A chest X-ray showed bilateral pleural effusions (Figure 1). Transthoracic echocardiogram showed no abnormalities with an ejection fraction of 80%. Abdominal sonography showed results within normal parameters. Among the laboratory tests performed, pertinent positives were: ABG with pH: 7.33, PO2: 47.9, HCO3: 15.5, BUN: 27, WBC: 16.36, HTC: 29.3, Hg: 9.7 which then progressed to metabolic acidosis (Figure 2) with a pH: of 7.22, PCO2: 29.6, HCO3: 11.9. Electrocardiogram tracing evidenced sinus rhythm with a HR of 99 beats per minute and inversion of T waves in DII, DIII, aVF, V5, and V6 (Figure 3 and Figure 4).





Interventions:

At the moment of her admission, the patient was hypotensive, sedated, with a mixed acidosis. Due to her persistent hypotensive levels support with noradrenaline with continuous infusion of calcium chloride and the adrenaline was initiated. The patient also presented mixed metabolic acidosis and mean diastolic of 60 mmHg which led to intubation of the patient and placement of a central venous line for administration of inotropic and vasopressors. 

A chest X-ray was done where it evidenced bilateral pleural effusions (Figure 1). The noradrenaline and pressor support was adjusted to the hemodynamics the patient presented, reaching a maximum dose of 0.18 mcg/kg/min for noradrenaline, with a posterior reduction on the second day of admission in the ICU and initiation of vasopressin 0.06 units/ min.
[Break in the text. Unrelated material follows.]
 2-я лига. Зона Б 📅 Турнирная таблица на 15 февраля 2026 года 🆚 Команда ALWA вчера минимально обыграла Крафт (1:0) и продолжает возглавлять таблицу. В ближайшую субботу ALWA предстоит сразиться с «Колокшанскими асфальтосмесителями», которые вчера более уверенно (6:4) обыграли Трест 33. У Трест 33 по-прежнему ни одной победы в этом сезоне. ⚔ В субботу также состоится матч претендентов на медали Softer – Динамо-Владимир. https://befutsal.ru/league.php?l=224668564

Vasopressin and noradrenalin were removed on the 4th day of hospitalization. Furosemide 20 mg is indicated for the management of chest X-ray congestion.
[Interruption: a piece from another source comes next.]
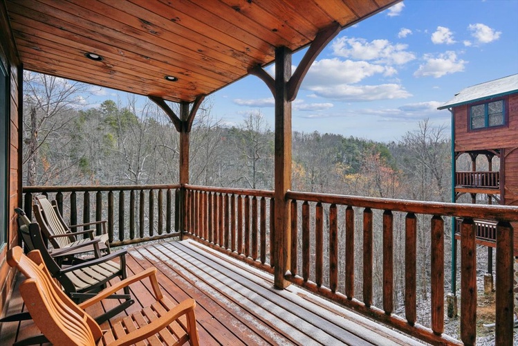 • Relax in the private hot tub or on the deck’s eight rocking chairs while enjoying vivid mountain vistas
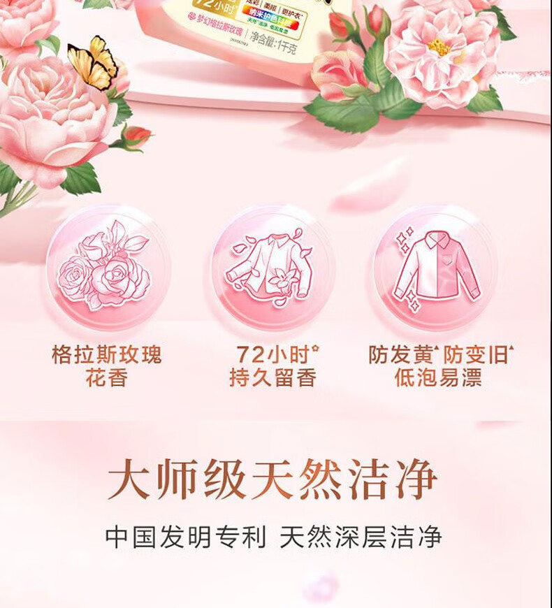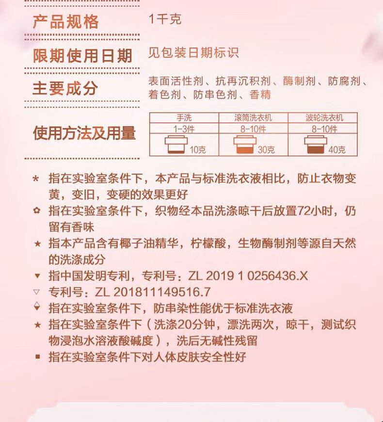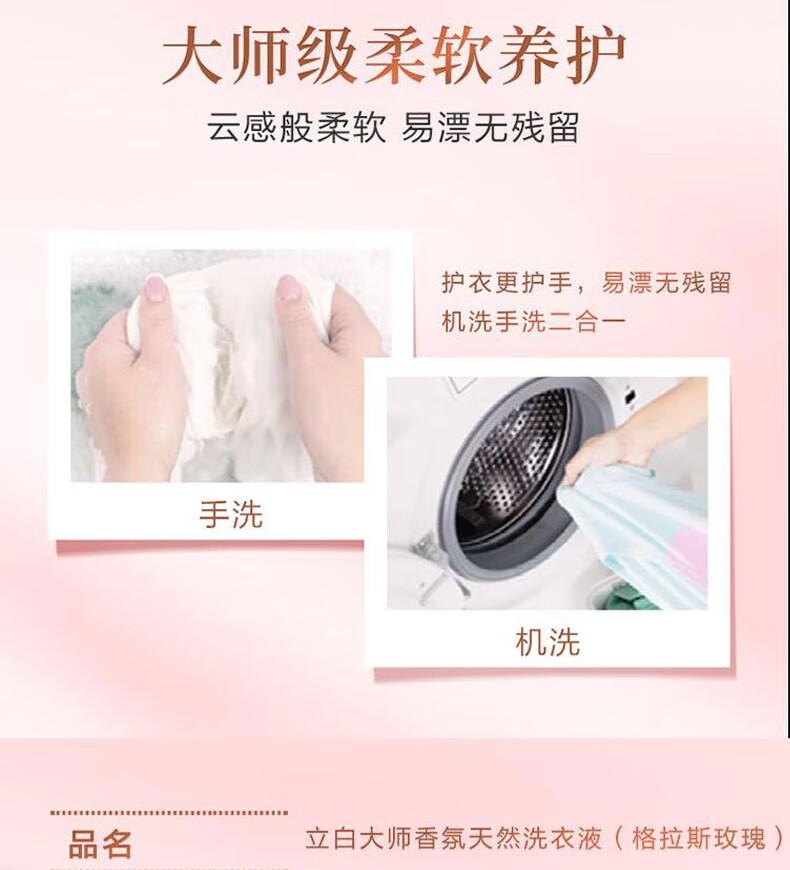 包装清单: 大师香氛洗衣液1kg(瓶装)*2瓶

On her second day in the ICU patient presented a rash on the face and upper chest, which led to the administration of hydrocortisone. The patient also presented abundant secretions on the tracheal tube with a BP of 115/52 mmHg and metabolic acidosis. During her admission at the ICU patient developed transvaginal bleeding, which after evaluation by the gynecology department a B-HCG hormone level was ordered that turned out negative. After correction of metabolic acidosis is done, the patient starts presenting an increase in WBC (16,000 mm3) and after consultation with the infectious diseases and the positive findings of crackles in the right lung led to the prescription of ceftriaxone 1 gr every 12 hours and clindamycin 600 mg every 8 hours, the treatment improved the WBC count of the patient. The patient was extubated on her 5th day of hospitalization without eventualities and was maintained on continuous oxygen through a face mask. On the 7th day of hospitalization, the patient is moved from ICU to the medical ward where she remained on observation for 4 days until discharge, after complete resolution of opacity on chest X-ray with a scheduled appointment with the psychiatric department.

Follow up:

Once the patient was authorized for discharge by all the involved parts in the case, psychiatric follow up scheduled as well as treatment based on psychotherapeutic intervention, making sure the patient preserved her self-preservation instinct.

Discussion

Nifedipine is the first calcium channel blocker from the dihydropyridine family. These have a vasodilator effect and they also increase coronary flow; it blocks the entrance of calcium into vascular smooth muscle cells2 5 6. It also decreases myocardial contractility6. Nifedipine is a molecule that works by decreasing systemic blood pressures, fundamentally by reducing systemic vascular resistance (SVR)7.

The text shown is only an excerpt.